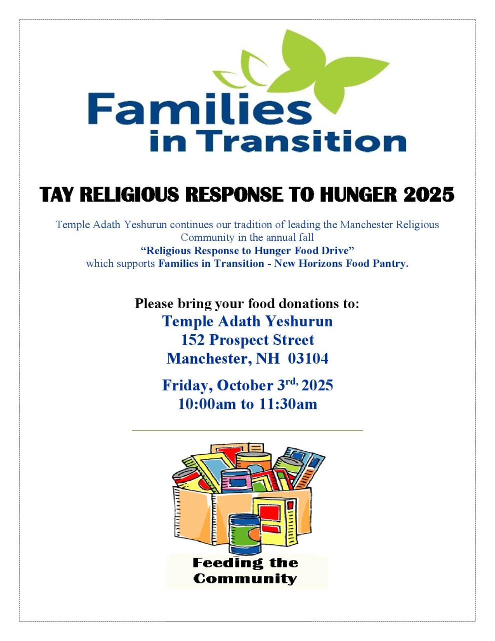 Bring your non-perishable food donations to TAY between Kol Nidre and Yom Kippur Day.
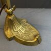 Curved Frame Bronze Desk Lamp with Art Nouveau Designs and Loetz Austria Art Glass Feathered Shade, circa 1900
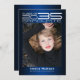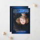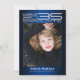 Estilo de ficção científica de alta tecnologia moderno, cartões de lançamento de fotos de graduação, apresentando elementos design de tipografia futurista sofisticada, lendo "Classe de Formando 2023" seu nome e nome da escola. O verso do cartão oferece espaços de texto personalizados para informações sobre sua graduação e futura jornada. As cores são o texto branco e cinza prateado colorido em tons de azul gradientes ou muda facilmente a cor de fundo como quiser. Perfeito para todos os mais velho de segundos graus, universidades, universidades e escolas de tecnologia.

.....

Copy the listing above verbatim, leaving out pictures.

 Bring your non-perishable food donations to TAY between Kol Nidre and Yom Kippur Day.
 Curved Frame Bronze Desk Lamp with Art Nouveau Designs and Loetz Austria Art Glass Feathered Shade, circa 1900
 Estilo de ficção científica de alta tecnologia moderno, cartões de lançamento de fotos de graduação, apresentando elementos design de tipografia futurista sofisticada, lendo "Classe de Formando 2023" seu nome e nome da escola. O verso do cartão oferece espaços de texto personalizados para informações sobre sua graduação e futura jornada. As cores são o texto branco e cinza prateado colorido em tons de azul gradientes ou muda facilmente a cor de fundo como quiser. Perfeito para todos os mais velho de segundos graus, universidades, universidades e escolas de tecnologia.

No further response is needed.